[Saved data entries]

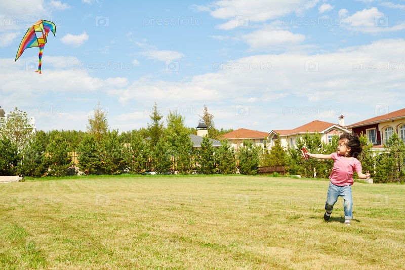 Азиатская девушка, бегущая с воздушным змеем
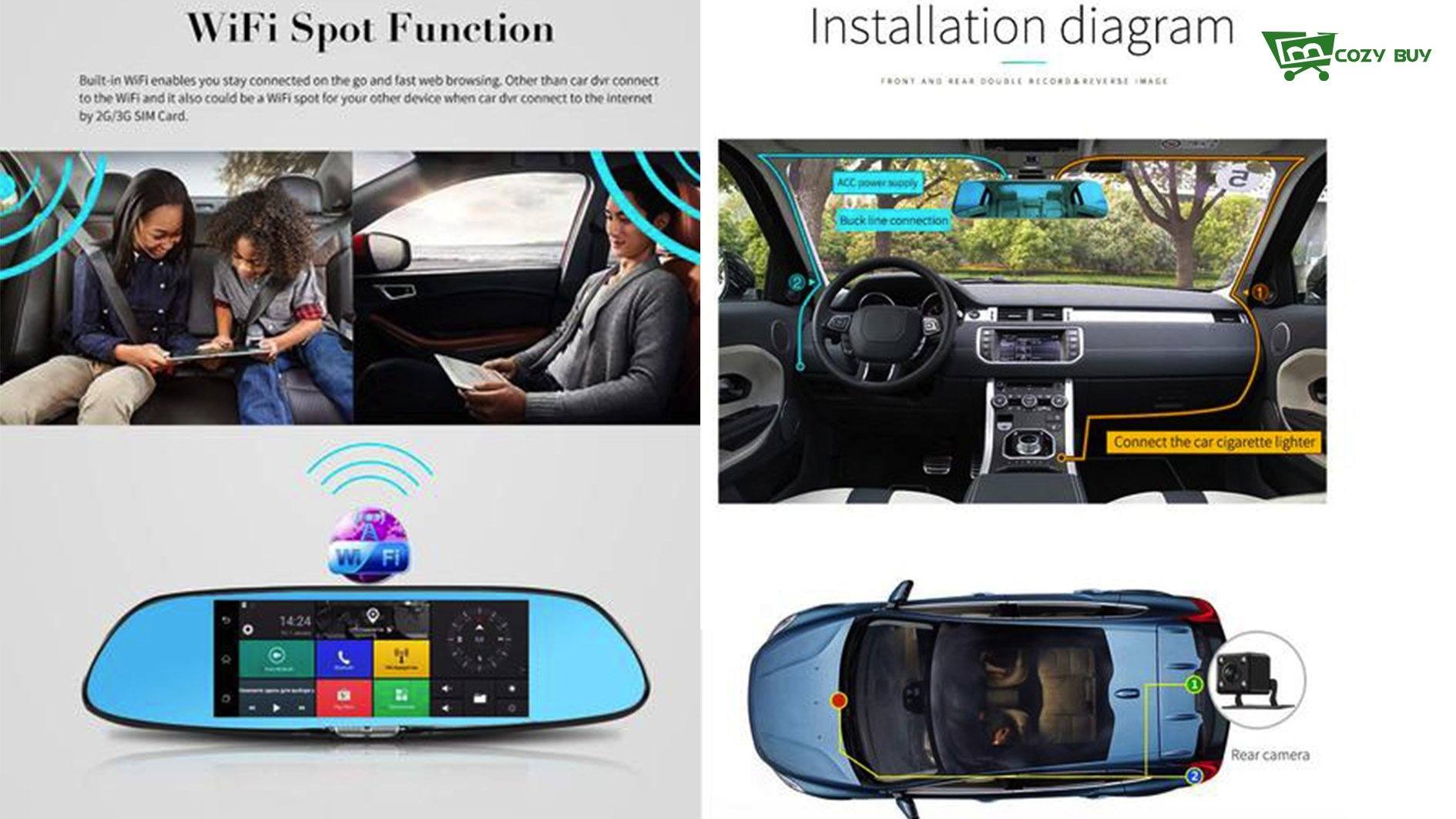 The Car Rear View 7″ Display Replacement Mirror Backup DVR HDCam is a complete safety backup and entertainment system you ever wanted. With Android 5.0, you will get benefits of all the Android features including sim service. The HD mirror cam supports 3G services. So you won’t have any problem which country you live in. With 3G and Wifi, you can enjoy all your favorite content like movies, music and even browsing! The GPS navigation in replacement mirror backup DVR HDcam provides real-time navigation assistant with street view. You can easily monitor your car’s driving path and if anything happened to your car remotely with its unique “Car Assist” mobile app.
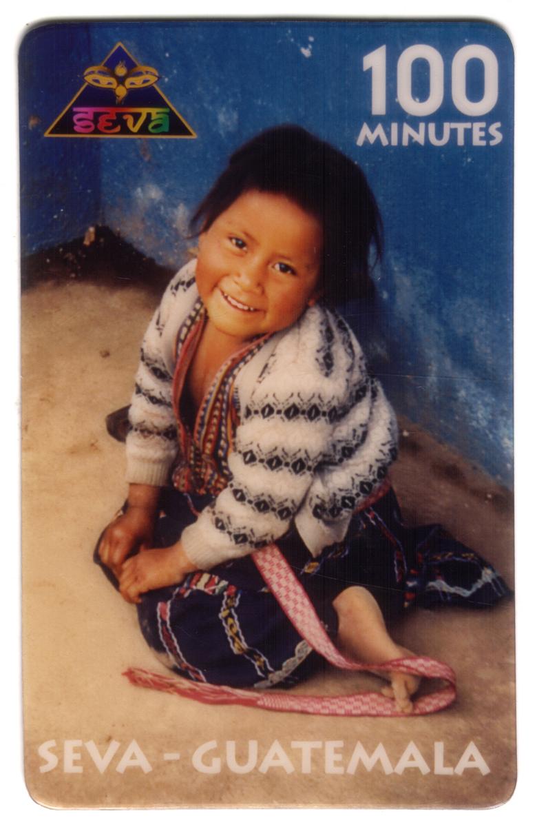 This collectible phone card features the Seva Foundation, an organization known for its work involving doctors, professors, and social activists dedicated to relieving suffering and building communities. The card highlights efforts connected to Guatemala and Mexico, with a focus on diabetes and children’s health. The design includes the Seva Foundation logo prominently displayed, reinforcing the charitable mission.
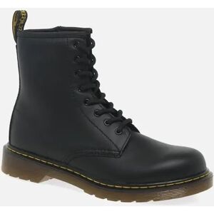 The Dr Martens Delaney Core black leather boots bring some straight up attitude to any day.In smooth black leathers, the Delaney boots boast the Doc’s classic DNA – yellow stitching and side grooves – making them the coolest kid on the playground. A smaller replica of the classic adult’s 8-eye silhouette, this pair features more flexible cemented soles to provide comfort for growing feet, and inside zips to make pulling them on and off a cinch. Finished with the classic branded heel loop, the Dr Martens Delaney black leather boots will be the highlight of their rebel style.
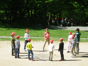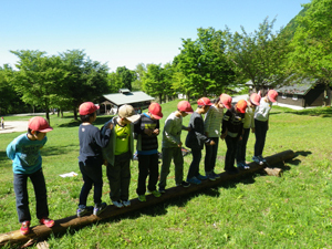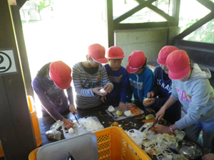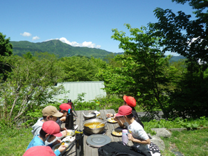 今日も朝から快晴です。班ごとにキャンプ場でカレーライスをつくり、午後は仲間と協力して行うゲームを行いました。
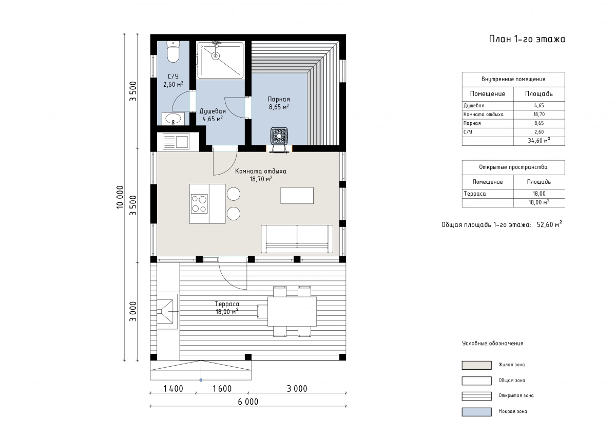Внутренние помещения занимают 35 м²: парная 9 м², душевая, санузел и уютная зона отдыха. Терраса дополняет баню, позволяя наслаждаться природными пейзажами в любое время года.

• _EXERCISE DIRECTIONS_
Produce a word-for-word copy of the records, omitting all images.

• _WRITTEN SOLUTION_
 Азиатская девушка, бегущая с воздушным змеем
 The Car Rear View 7″ Display Replacement Mirror Backup DVR HDCam is a complete safety backup and entertainment system you ever wanted. With Android 5.0, you will get benefits of all the Android features including sim service. The HD mirror cam supports 3G services. So you won’t have any problem which country you live in. With 3G and Wifi, you can enjoy all your favorite content like movies, music and even browsing! The GPS navigation in replacement mirror backup DVR HDcam provides real-time navigation assistant with street view. You can easily monitor your car’s driving path and if anything happened to your car remotely with its unique “Car Assist” mobile app.
 This collectible phone card features the Seva Foundation, an organization known for its work involving doctors, professors, and social activists dedicated to relieving suffering and building communities. The card highlights efforts connected to Guatemala and Mexico, with a focus on diabetes and children’s health. The design includes the Seva Foundation logo prominently displayed, reinforcing the charitable mission.
 The Dr Martens Delaney Core black leather boots bring some straight up attitude to any day.In smooth black leathers, the Delaney boots boast the Doc’s classic DNA – yellow stitching and side grooves – making them the coolest kid on the playground. A smaller replica of the classic adult’s 8-eye silhouette, this pair features more flexible cemented soles to provide comfort for growing feet, and inside zips to make pulling them on and off a cinch. Finished with the classic branded heel loop, the Dr Martens Delaney black leather boots will be the highlight of their rebel style.
 今日も朝から快晴です。班ごとにキャンプ場でカレーライスをつくり、午後は仲間と協力して行うゲームを行いました。
Внутренние помещения занимают 35 м²: парная 9 м², душевая, санузел и уютная зона отдыха. Терраса дополняет баню, позволяя наслаждаться природными пейзажами в любое время года.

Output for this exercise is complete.